Sobre a mesma precariedade constitutiva, e ao lado das redes já citadas, outras duas redes
sociais se estruturam, visando minimizar, com os recursos que dispõem e mobilizam, o
sofrimento de seus integrantes presos. A primeira é a rede de religiosos evangélicos, os
“crentes”, que vivem um cotidiano à parte dentro dos presídios, integralmente dedicado ao
louvor religioso. Nos últimos anos, a conversão se consolidou como uma das únicas vias de
saída da “vida do crime” legitimadas pela população carcerária paulista. Convertendo-se, um
preso desobriga-se de suas pendências com o “crime” e adentra em espaços de convivência,
redes de sociabilidade e apoio totalmente diversos. Porém uma suspeita sempre recai sobre os
recém-convertidos, a suspeita da falsa conversão, da conversão utilitária, da fuga, da covardia,
do esconderijo, que Dexter canta em “8º Anjo”. Suspeita que é permanentemente colocada a
prova, pelos “crentes” e pelos outros, através de uma observação estrita do comportamento
do recém-convertido.

A outra rede é propriamente a do rap, do hip hop, da literatura, da arte, da “cultura”. Essa
rede, ainda que menos densa e mais fraca em termos econômicos, tem um enorme potencial
de amenizar o sofrimento daquele que vive na prisão sempre precária. Trata-se de uma rede
que também pode “salvar”, que também pode romper o círculo vicioso cadeia-crime(-morte),
sem a desvantagem de inspirar suspeitas. Em termos materiais seus aportes são restritos, suas
debilidades são supridas pelas múltiplas conexões que estabelece e pelo respeito que inspira
nas demais redes que compõem o universo prisional. Sua principal força reside no nível da
subjetividade, da constituição de sujeitos diferenciados, exemplares, admiráveis, não só por
fazer reverberar por todo o mundo a precariedade das instituições prisionais paulistas, mas
por fazê-lo de forma contudente, apaixonada, lúcida, crítica, e principalmente, desde dentro.

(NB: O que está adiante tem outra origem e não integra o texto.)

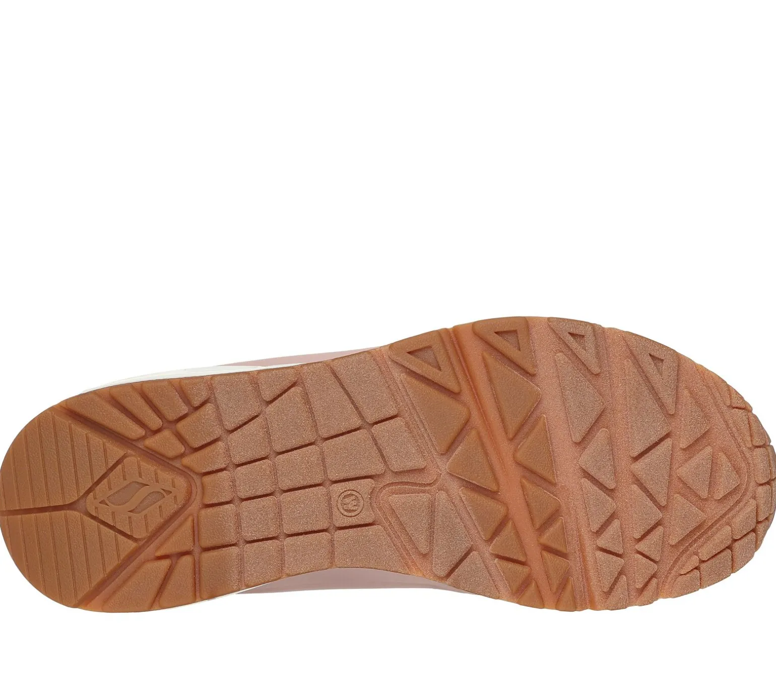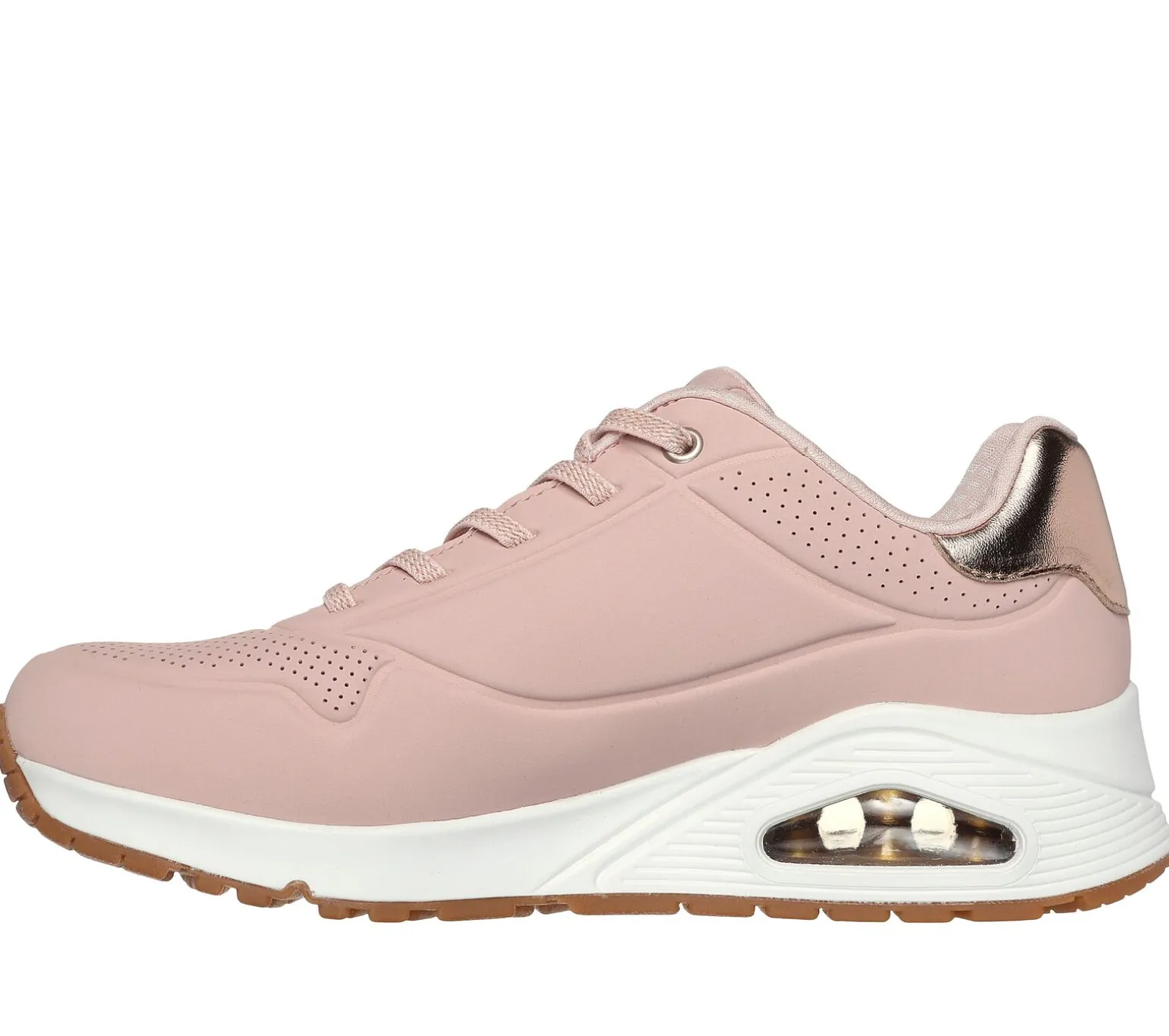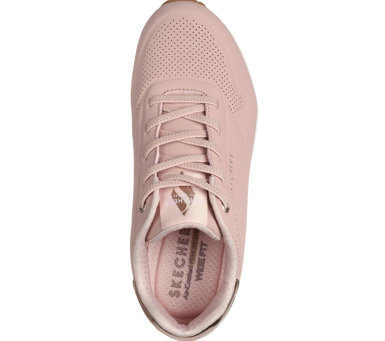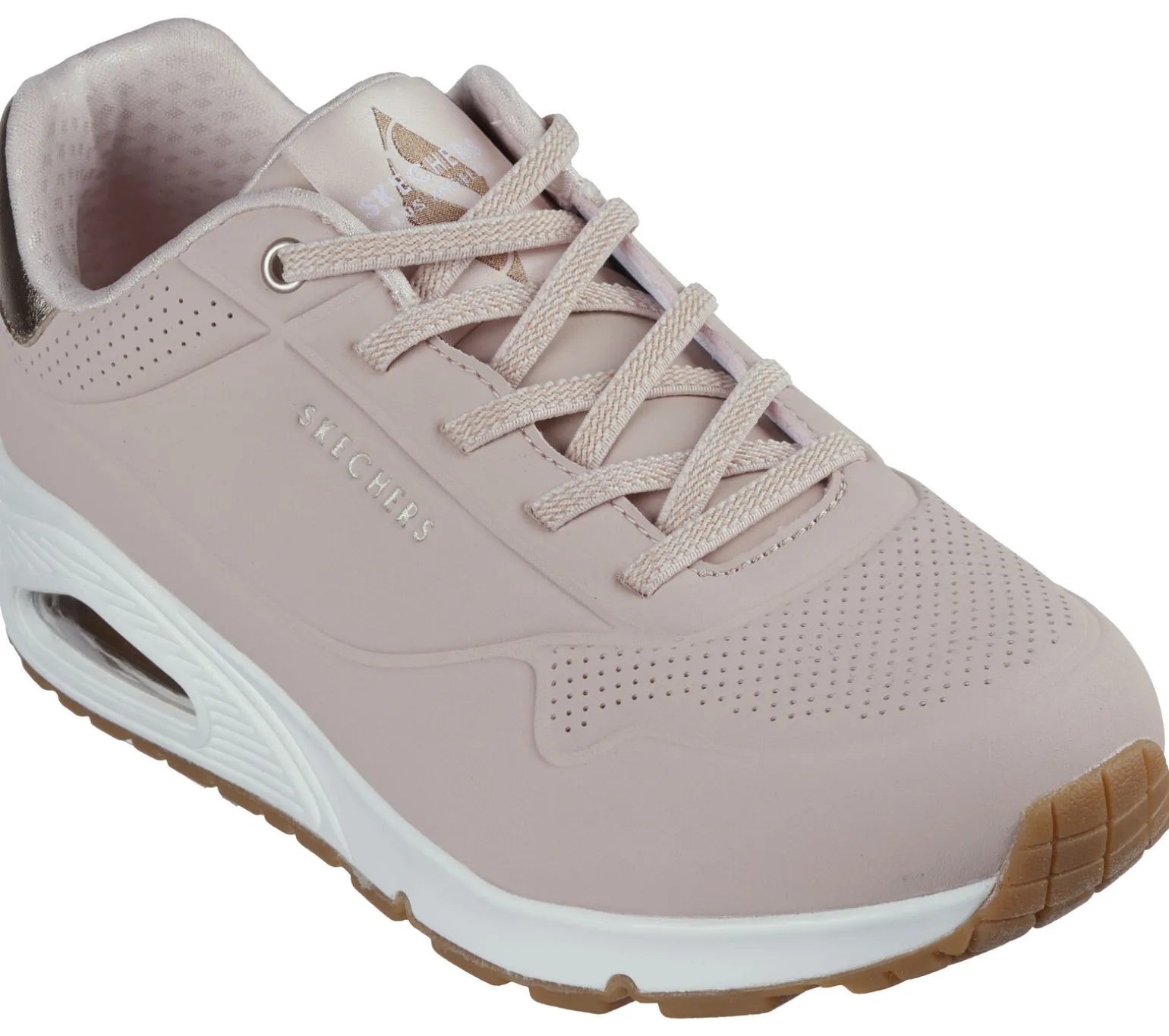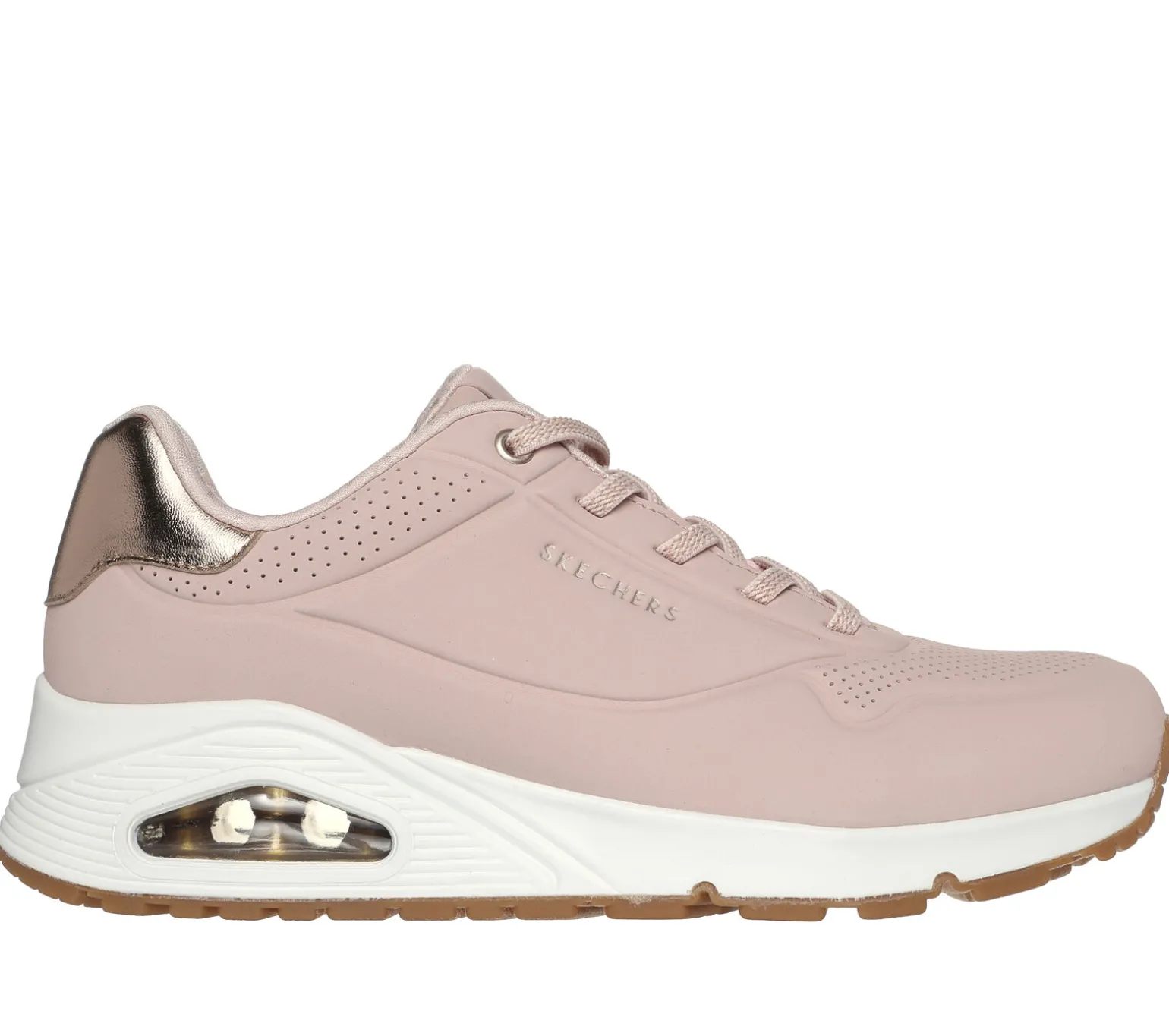 Der Skechers Street Uno – Shimmer Away ist ein klassischer Slip-On, der keine Kompromisse beim Komfort eingeht. Dieser modische Sneaker verfügt über ein Obermaterial aus synthetischem Durabuck mit Metallbesatz, Bungee-Schnürung, eine Skechers Air-Cooled Memory Foam®-Einlegesohle und eine sichtbare, luftgepolsterte Skech-Air®-Zwischensohle.
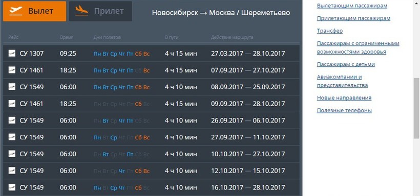 Далее следует добираться в столицу, однако сразу учтите, что наиболее удобным для вылета будет аэропорт Шереметьево, поэтому старайтесь брать билеты до него. Здесь уже доставит компания «Аэрофлот» и приземлиться можно через 4 часа 15 минут. Обратите внимание, что вылеты есть в разное время и дни, ориентиром для покупки билета является сезонное расписание.
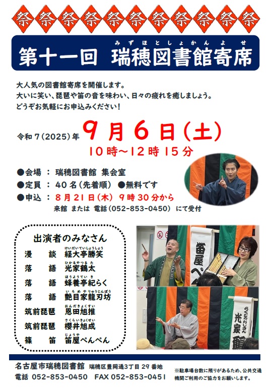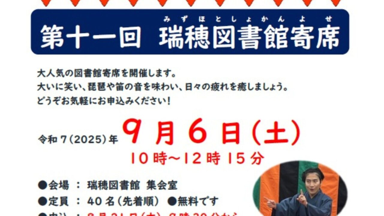 イベント9/6(土)『瑞穂図書館寄席』が開催されるみたい!【瑞穂区イベント】 mizuhon 2025年8月29日 / 2025年8月29日 2025年9月6日(土)『瑞穂図書館寄席』が開催されるようです! 場所は瑞穂区民の学びの中心。瑞穂図書館。 ↓詳しい場所はこちら↓ *この画像は公式ページからの転載です。 当日は落語だけでなく、琵琶や篠笛なども楽しめるようです!ぜひ、足を運んでみるのはいかがでしょうか? *この記事情報は2024年5月17日現在のものです。 *詳細につきましては主催者へご確認ください。 イベント 瑞穂図書館
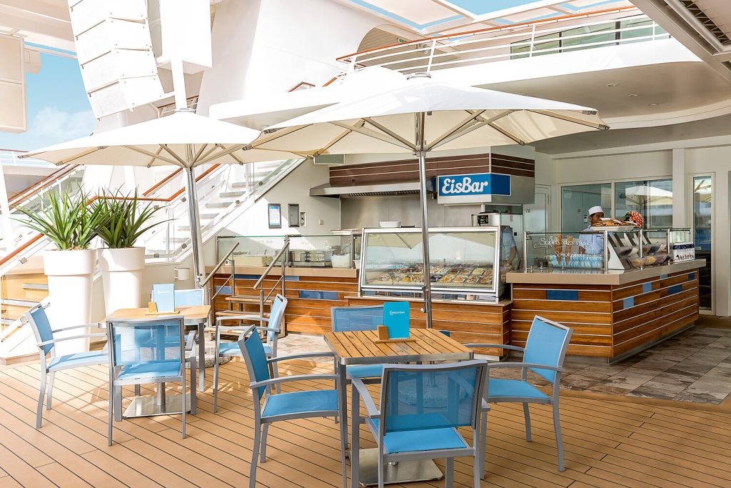 Im Heckbereich, der sogenannten Großen Freiheit, befinden sich weitere Gastronomie-Highlights: das italienische Restaurant La Spezia, das Steakhouse Surf & Turf mit Innen- und Außenbereich sowie die gemütliche Kaffeelounge auf Deck 4, die mit Kaffeespezialitäten, Frühstücksangeboten und süßen Leckereien verwöhnt. Ergänzt wird das kulinarische Ensemble vom eleganten Champagner Treff auf der Außenterrasse von Deck 5. Ein idealer Ort für besondere Genussmomente mit Blick auf die Heckwelle.

No começo do século XXI, cada cela recém-construída é o potencial “escritório” de um poeta
ou romancista, o “estúdio” de músicos e desenhistas. A estruturação dessa rede está em curso,
o peso político, simbólico e econômico que assumirá no futuro próximo não está dado de
antemão. Cabe a quem a tece dizer (ou cantar) a extensão e força de seus fios.